Task item: Copy all data exactly. Skip pictures.

Dataset content:
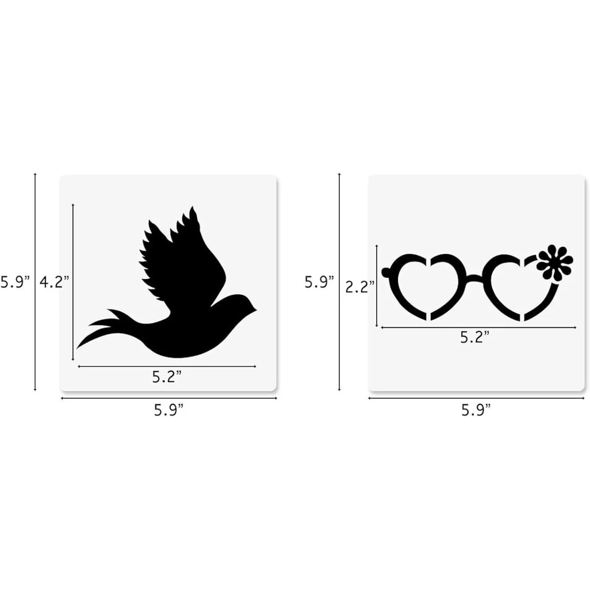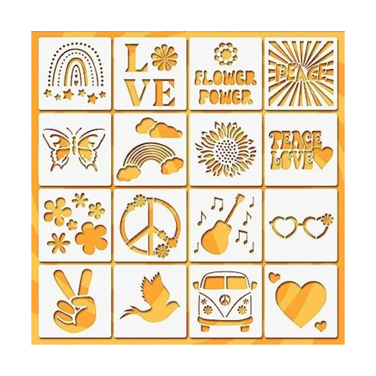 Plantillas de paz y amor, 16 plantillas hippie, estilo bohemio, floral, reutilizable, para pintar, papel, dibujar, muebles, tela, 6 x 6 pulgadas
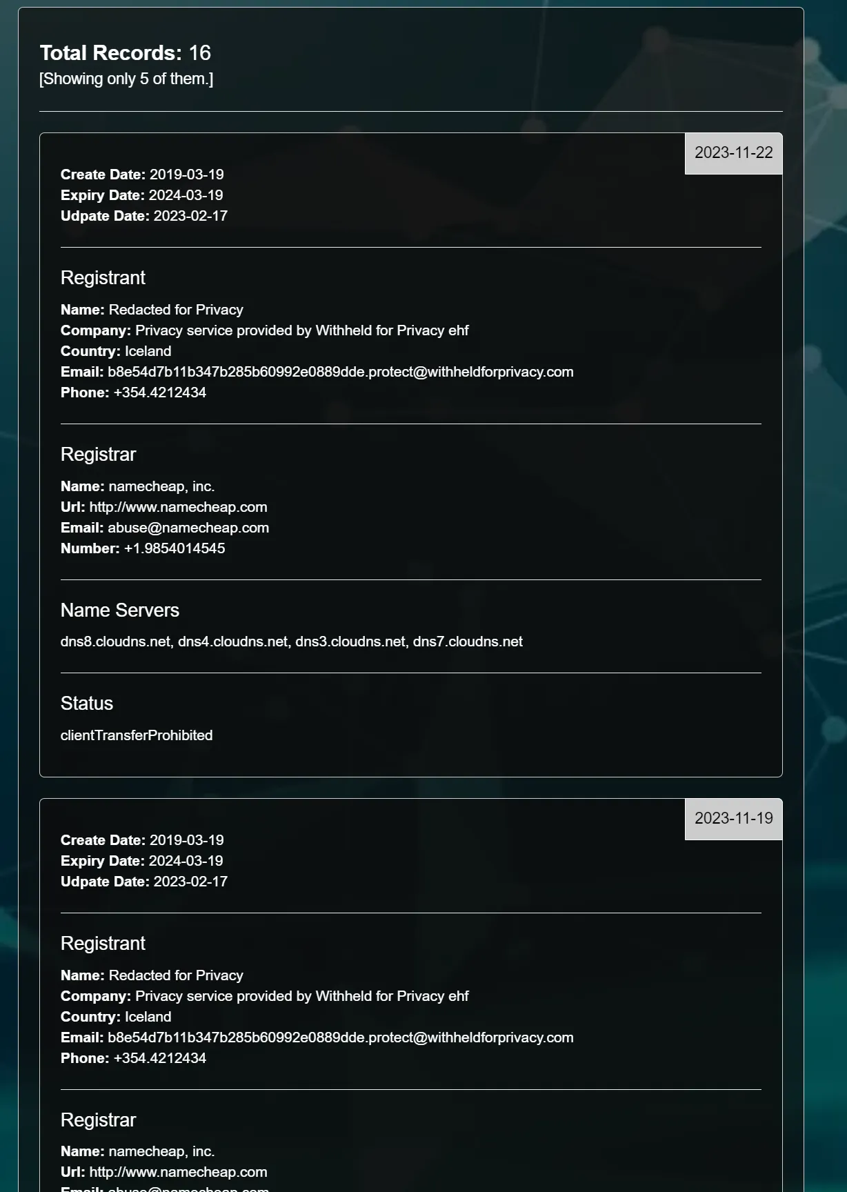 A Historical Whois Lookup tool is a specialized software or service that allows you to retrieve and analyze a domain name’s historical registration data records—the domain history. These domain history records include details such as the website ULR, domain owner’s name(s), contact information, registration and expiration dates, IP addresses, and any changes in ownership over time.
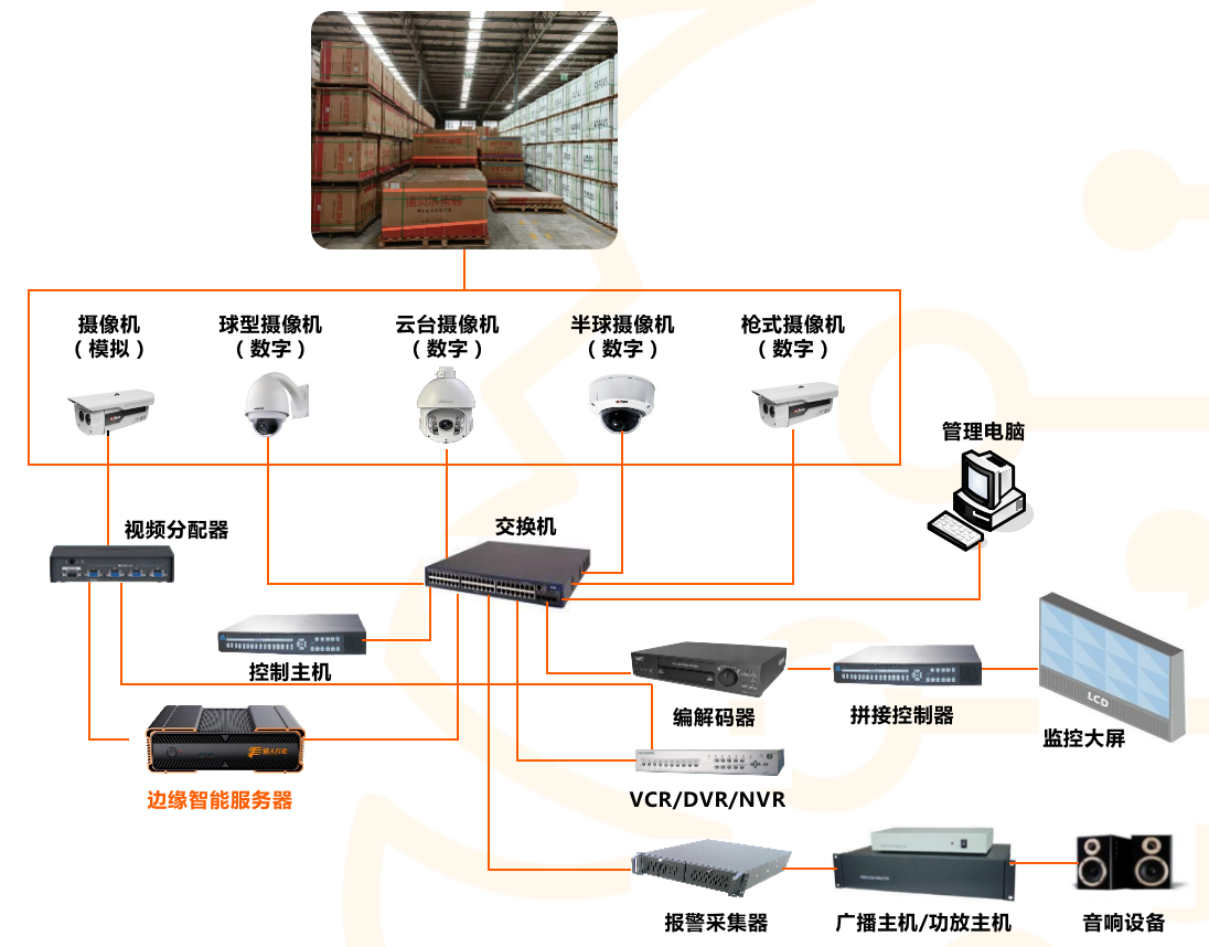 視頻智能分析系統(tǒng)由智能攝像頭、邊緣智能分析盒、智能交互管控平臺(tái)、告警設(shè)備組成:
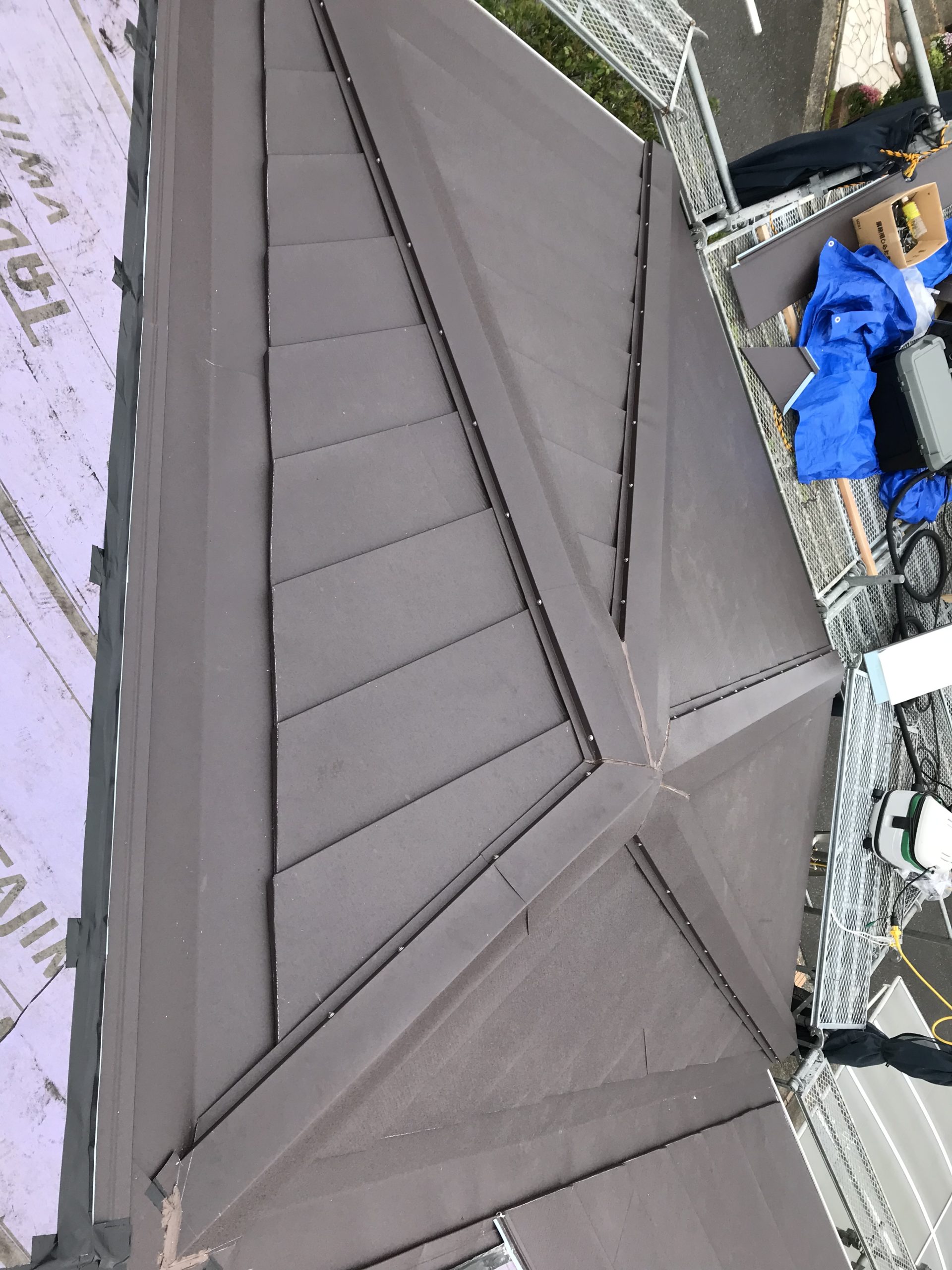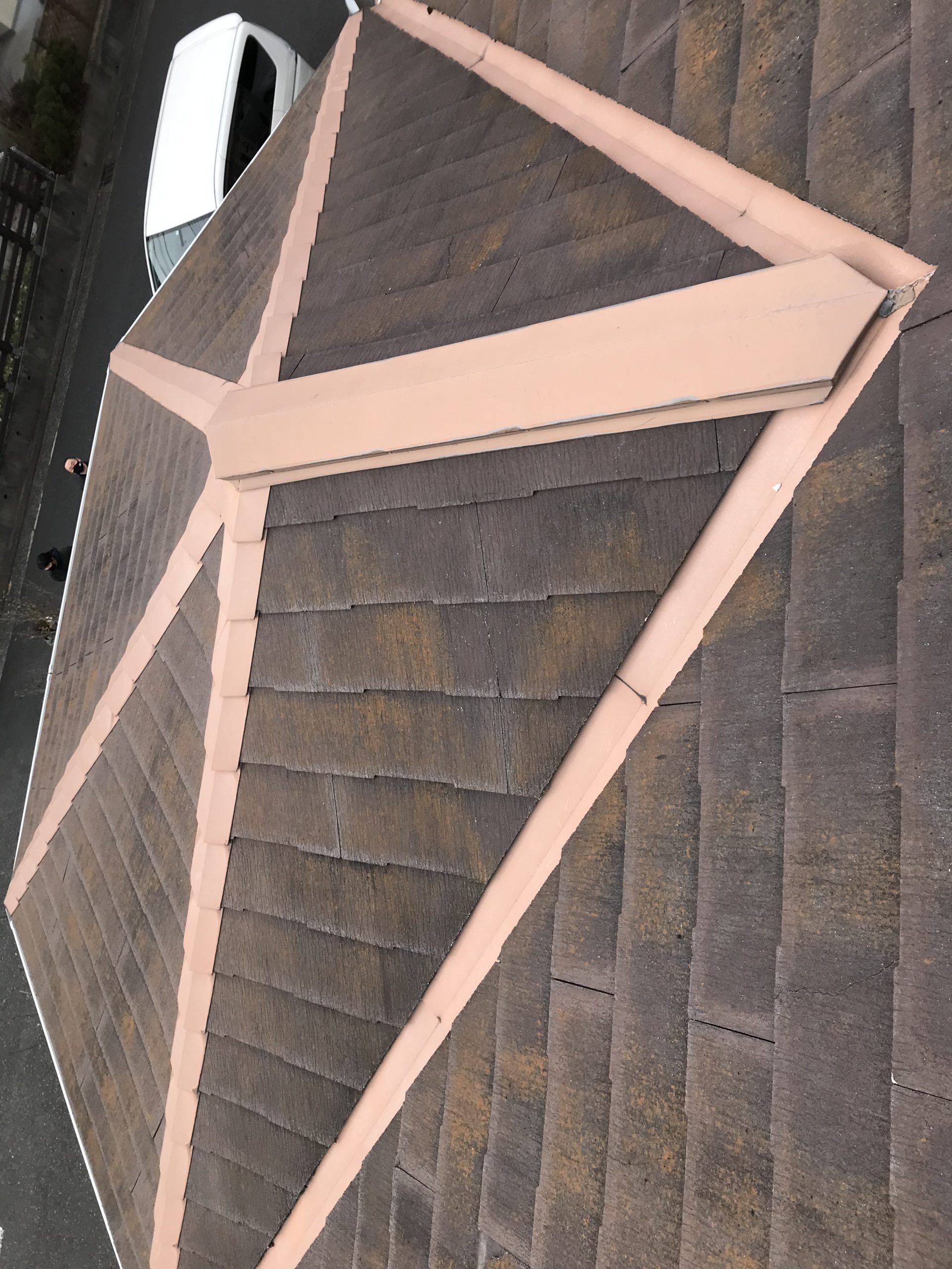 横須賀市のお客様 劣化により屋根材がひび割れや、欠けが多く カバー工法をお薦めし工事依頼を受けました。 大変な形状の屋根でしたが綺麗に仕上げる事ができご依頼ご夫妻に喜んでいただけました。

Response area:
 Plantillas de paz y amor, 16 plantillas hippie, estilo bohemio, floral, reutilizable, para pintar, papel, dibujar, muebles, tela, 6 x 6 pulgadas
 A Historical Whois Lookup tool is a specialized software or service that allows you to retrieve and analyze a domain name’s historical registration data records—the domain history. These domain history records include details such as the website ULR, domain owner’s name(s), contact information, registration and expiration dates, IP addresses, and any changes in ownership over time.
 視頻智能分析系統(tǒng)由智能攝像頭、邊緣智能分析盒、智能交互管控平臺(tái)、告警設(shè)備組成:
 横須賀市のお客様 劣化により屋根材がひび割れや、欠けが多く カバー工法をお薦めし工事依頼を受けました。 大変な形状の屋根でしたが綺麗に仕上げる事ができご依頼ご夫妻に喜んでいただけました。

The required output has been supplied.